Ansonsten führt, wenn man vom Piemont spricht, kein Weg an Barolo vorbei. „König der Weine – Wein der Könige“, so wird er oft genannt, denn er soll schon im 16. Jahrhundert bei Aristokraten beliebt gewesen sein. Das Anbaugebiet liegt in der Unterregion Langhe. Der Wein reift mindestens 38 Monate, davon mindestens 18 Monate im Holzfass.
Ein hoher Alkoholgehalt und kräftige Tannine sorgen dafür, dass der Wein sehr alterungsfähig ist – dafür aber in jungen Jahren manchmal etwas schroff daherkommt. Sein internationaler Aufstieg begann Ende der 1980er Jahre. Es war die Zeit, als schwere Rotweine international gefragt waren. Die Preise, die für Barolos bezahlt wurden, kletterten in bis dato ungeahnte Höhen.
Um die Jahrtausendwende änderte sich aber der Weingeschmack: Beliebter wurden Weine, die nicht zu schwer und zudem früher trinkbar waren. Doch auch wenn der Hype mittlerweile abgeebbt ist, so zählt der Barolo auch heute noch zu den grossen Rotweinen Italiens.

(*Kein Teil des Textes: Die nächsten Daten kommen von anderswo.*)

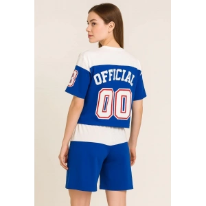 Kadın Şortlu Takım – Oversize İki İplik Kumaş, Ön & Arka Dijital Baskılı Tişört ve Lastikli Cepli Şort, Yazlık Günlük Spor Set - Mavi
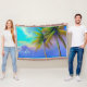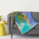 Introducing our stunning throw blanket, designed to transport you to a tropical paradise every time you use it. Featuring a beautiful design of palm trees silhouetted against a sky with varying shades of blue, this blanket captures the serene beauty of the beach as night falls or a storm rolls in. The white and blue clouds and other colours like yellow and purple add a touch of vibrancy to the design, making it a perfect addition to any room in your home.
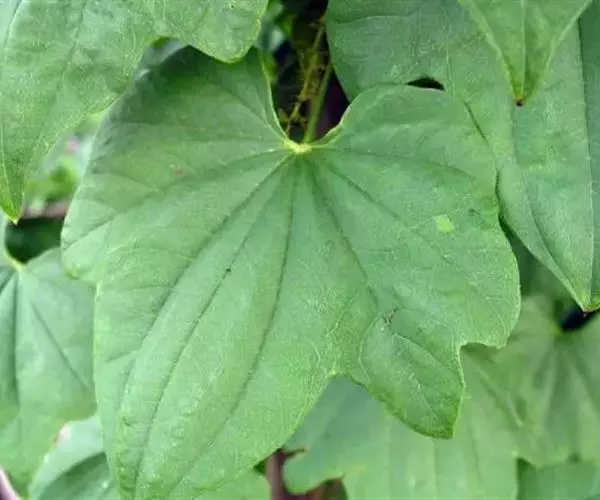 缠绕草质藤本。根状茎横生,圆柱形,多分枝,栓皮层显著剥离。茎左旋,近无毛,长达5米。单叶互生,叶柄长10~20厘米;叶片掌状心形,变化较大,茎基部叶长10~15厘米,宽9~13厘米,边缘作不等大的三角状浅裂、中裂或深裂,顶端叶片小,近于全缘,叶表面黄绿色,有光泽,无毛或有稀疏的白色细柔毛,尤以脉上较密。花雌雄异株。雄花序为腋生的穗状花序,花序基部常由2~4朵集成小伞状,至花序顶端常为单花;苞片披针形,顶端渐尖,短于花被;花被碟形,6裂,裂片顶端钝圆;雄蕊6枚,着生于花被裂片的中央,药内向。雌花序穗状,单生;雌花具有退化雄蕊,有时雄蕊退化仅留有花丝;雌蕊柱头3裂,裂片再2裂。蒴果成熟后枯黄色,三棱形,顶端凹入,基部近圆形,每棱翅状,大小不一,一般长约2厘米,宽约1.5厘米;种子每室2枚,有时仅1枚发育,着生于中轴基部,四周有不等的薄膜状翅,上方呈长方形,长约比宽大2倍。花期6~8月,果期8~10月。
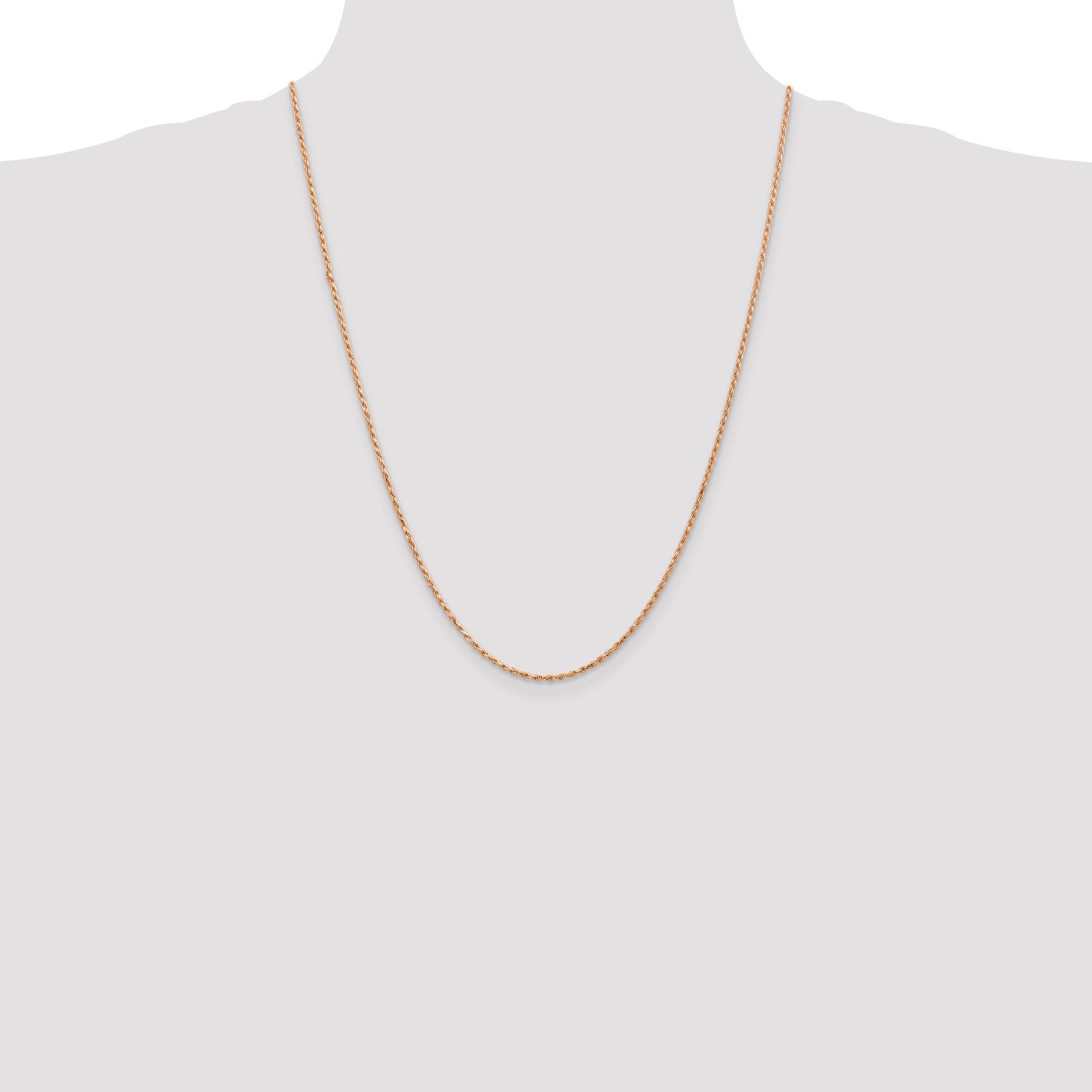 Elevate your style with this stunning 14K Rose Gold 24-Inch Rope Chain Necklace. The diamond-cut design catches the light beautifully, adding a touch of sparkle to any outfit. Made of high-purity rose gold, this delicately polished chain speaks elegance and grace, perfect for any occasion. Measuring a versatile 24 inches and 1.8mm wide, it fits effortlessly with your favorite pendants. The sturdy lobster clasp ensures a secure fit, while the solid and durable construction promises longevity. Let this intricate piece make a refined statement in your jewelry collection today.
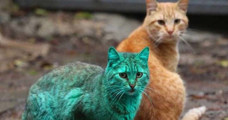 불가리아의 한 마을에서 발견된 온몸이 초록색으로 물든 길고양이는 머리부터 발끝까지 온몸이 초록색으로 물들어 있어 여기까지만 보면 누군가가 고의적으로 초록색으로 칠했을 가능성을 제기하기 쉽습니다. 즉, 동물학대를 의심하게 되죠.
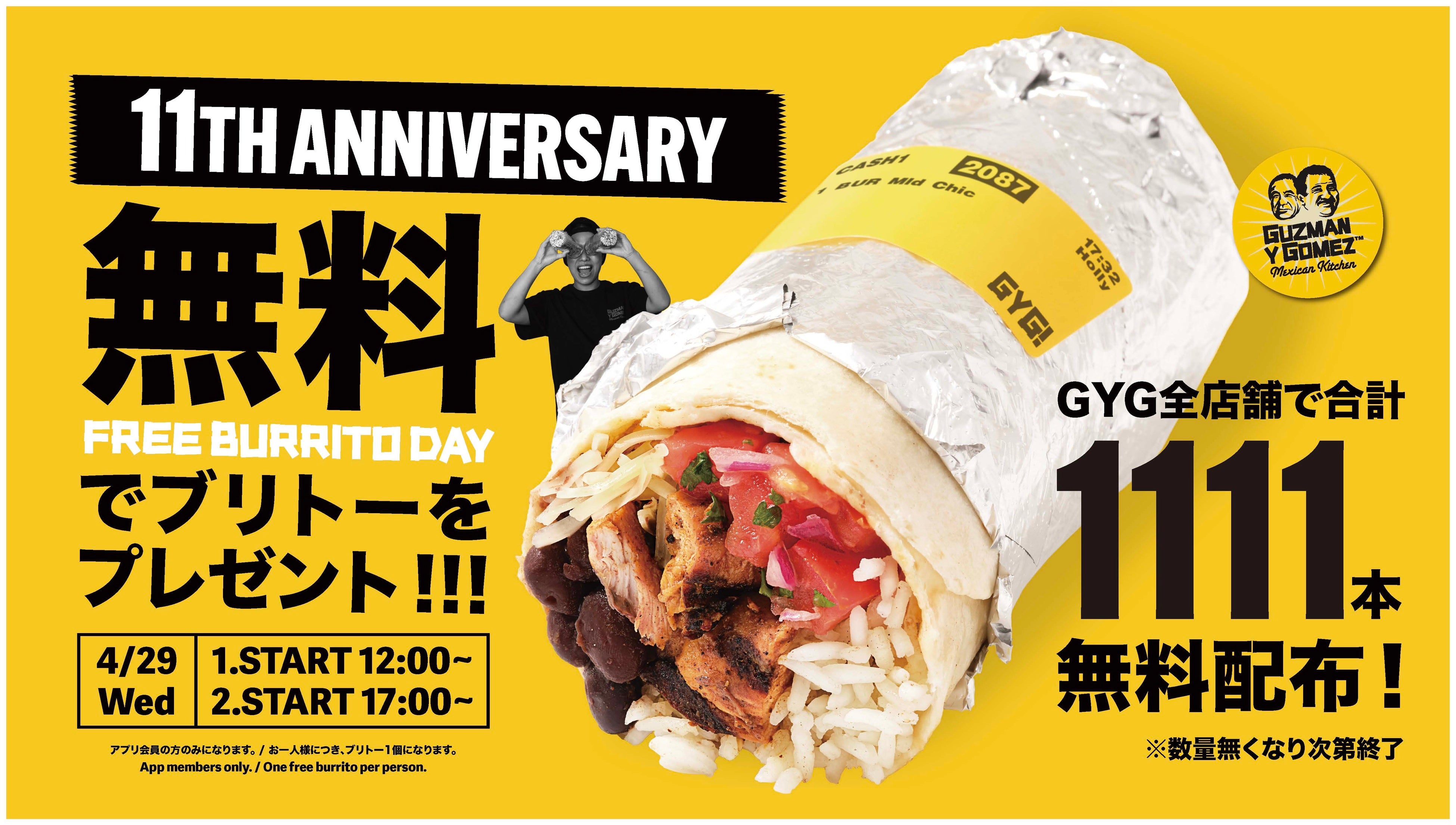 【0円ブリトー】日本上陸11周年のGuzman y Gomez、4月29日に都内5店舗で合計1,111本の無料配布イベントを開催
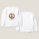 This t-shirt features a floral peace sign in shades of pink, yellow, orange, purple, green, white, black and turquoise. "Peace, love and happiness" surround the peace sign.
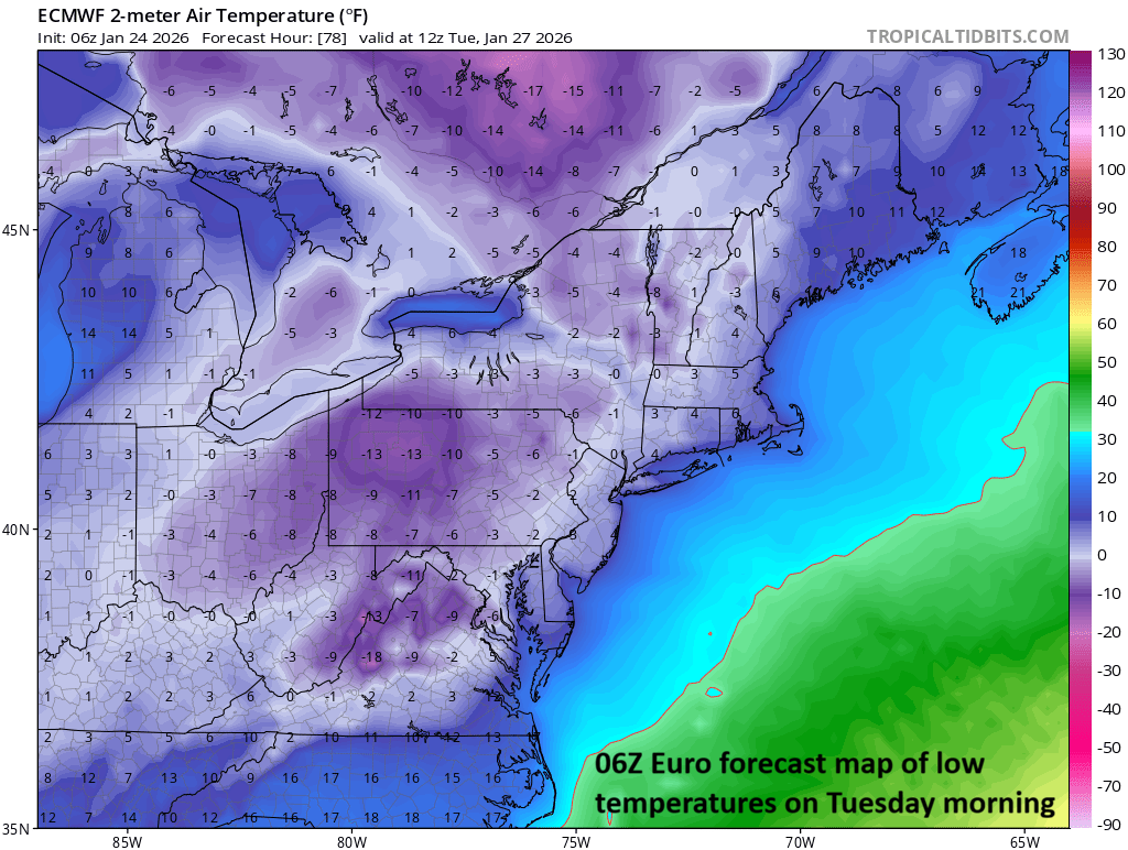 Temperatures could flirt with the zero-degree mark next week for overnight lows…even in the big cities along I-95. Map courtesy ECMWF, tropicaltidbits.com

Als kleiner Bruder des grossen Königs wird der Barbaresco bezeichnet. Auch er wird nur aus Nebbiolo-Trauben aus den Langhe hergestellt, seine Ausbauzeit ist mit mindestens 26 Monaten, davon neun im Holz, ebenfalls noch recht lang. Im Gegensatz zum Barolo ist er aber weicher im Geschmack.
Die am meisten verbreitete Rebsorte im Piemont ist aber der Barbera. Auch ihm haftete lange Zeit das Image an, sehr rustikale Weine hervor zu bringen, deshalb wurde in den vergangenen Jahrzehnten das Geschmacksbild durch modernere Ausbaumethoden etwas verändert. Bekannte Denominationen sind Barbera D’Alba und Barbera D’Asti.
Der Barbera D’Alba DOC wächst auf lehm- und kalkhaltigen Mergelböden, die in der Region auch „weisse Erde“ genannt werden. Der Barbera D’Asti hat seit 2008 den DOCG-Status. Seine typischen Aromen sind Kirsche und Pflaume und würzige Anklänge, etwa von Zimt, Kakao und manchmal Lakritz.
Die Versionen Barbera D’Alba Riserva und Barbera D’Asti Superiore werden länger ausgebaut und müssen auch eine vorgeschriebene Zeit ins Holzfass. Sie sind länger lagerfähig und entwickeln oft mit fortgeschrittenem Alter ätherische Noten.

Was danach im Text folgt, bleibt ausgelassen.